“Late have I loved You, O Beauty ever ancient, ever new, late have I loved You!” Saint Augustine’s poignant exclamation rings out on his feast day (from the second reading of matins).
The Trinity is primeval-modern, the pulsating Source of the pageantry of the visible world and of the intricacies of personal interiority. The intellectual conversion that was such a crucial stage on Augustine’s way to Christianity involved his insight that, on the one hand, there really is an invisible world, the world of spirit (that of knowing and loving, of personal interiority); and, on the other hand, that created/finite spirit is qualitatively different from uncreated/infinite Spirit. This difference we can call the analogy of spirit. (Hegel fails to recognize this analogical difference in his philosophical pneumatology, which is nevertheless staggering in its power as a tool of social analysis).
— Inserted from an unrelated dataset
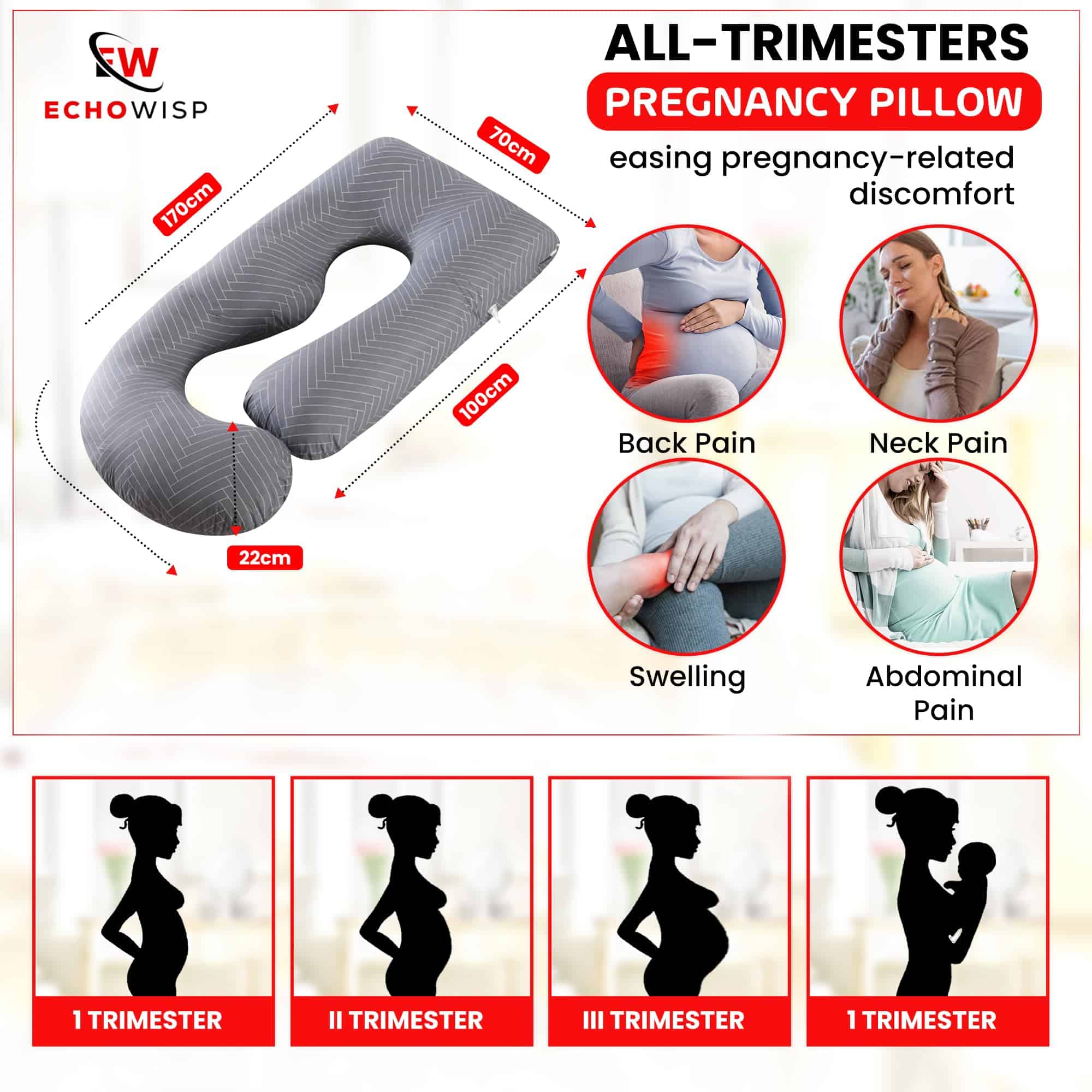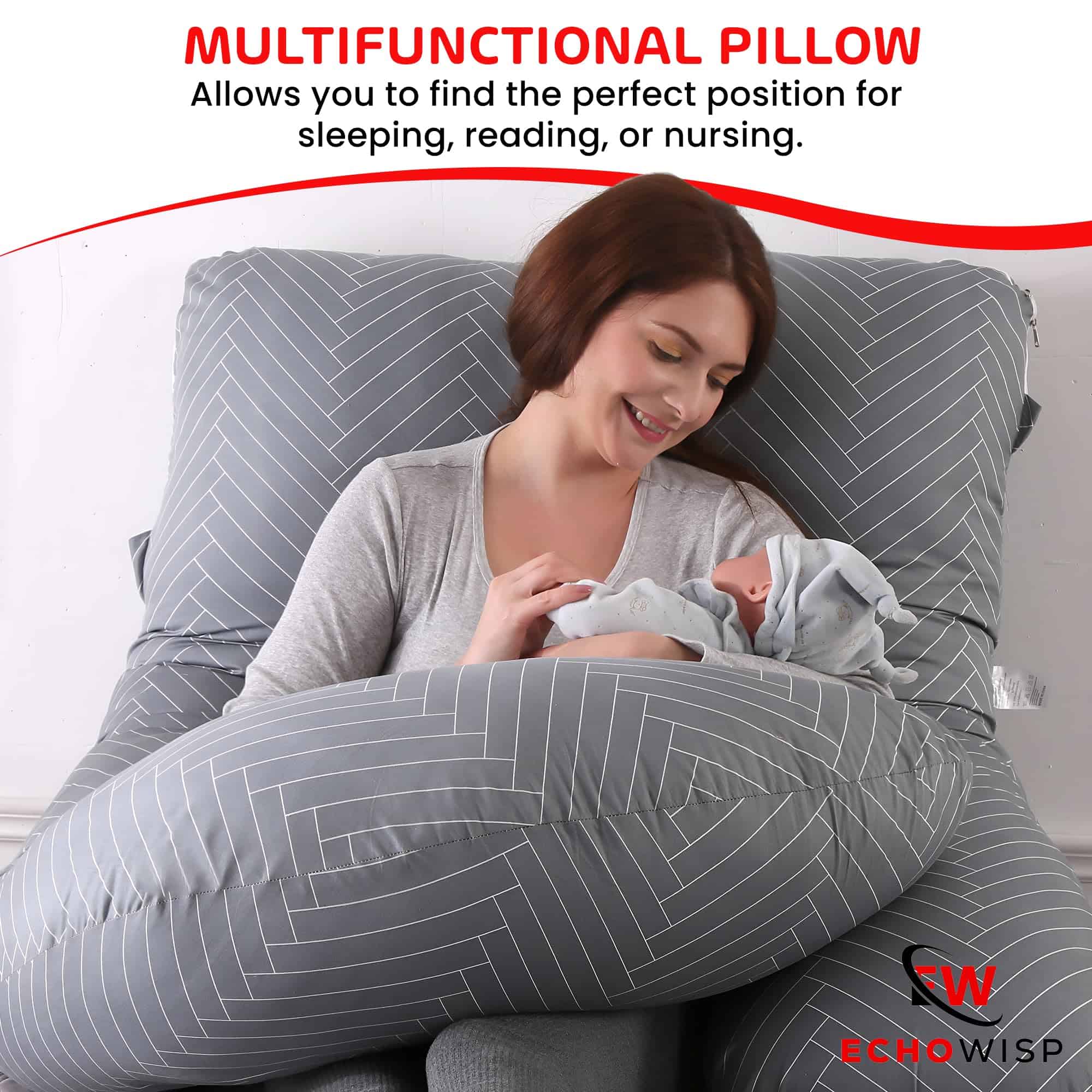 Almohada de Embarazo EchoWisp en Forma de U, 100% Algodón,

My dissertation director, Father Matthew Lamb, provides the best definition of God I know of: God is the infinite act of loving understanding. That is, God is infinite spirit. Where is life the richest? In knowing and loving. Why are our deepest drives the desire to know and the desire for intimacy? Because God is God, and because God is an infinite communion of love. (The Trinitarian doubling of the invisible vitality of spirit, I must leave to another post…)
When Augustine attends to his interiority, what does he find? The immutable light of God, the light of intelligibility and love and reality. Here he recognizes the analogy of spirit: what gives life to his spirit, is a higher Spirit:
“It was not the ordinary light perceptible to all flesh, nor was it merely something of greater magnitude but still essentially akin, shining more clearly and diffusing itself everywhere by its intensity. No, it was something entirely distinct, something altogether different from all these things.”
He gets it. The “height” of God is real, but it is no mere spatial factor. In fact, the verticality of sky or mountain is the manifestation of an invisible supremacy:
“…and [your immutable light] did not rest above my mind as oil on the surface of water, nor was it above me as heaven is above earth. This light was above me because it had made me; I was below it because I was created by it.”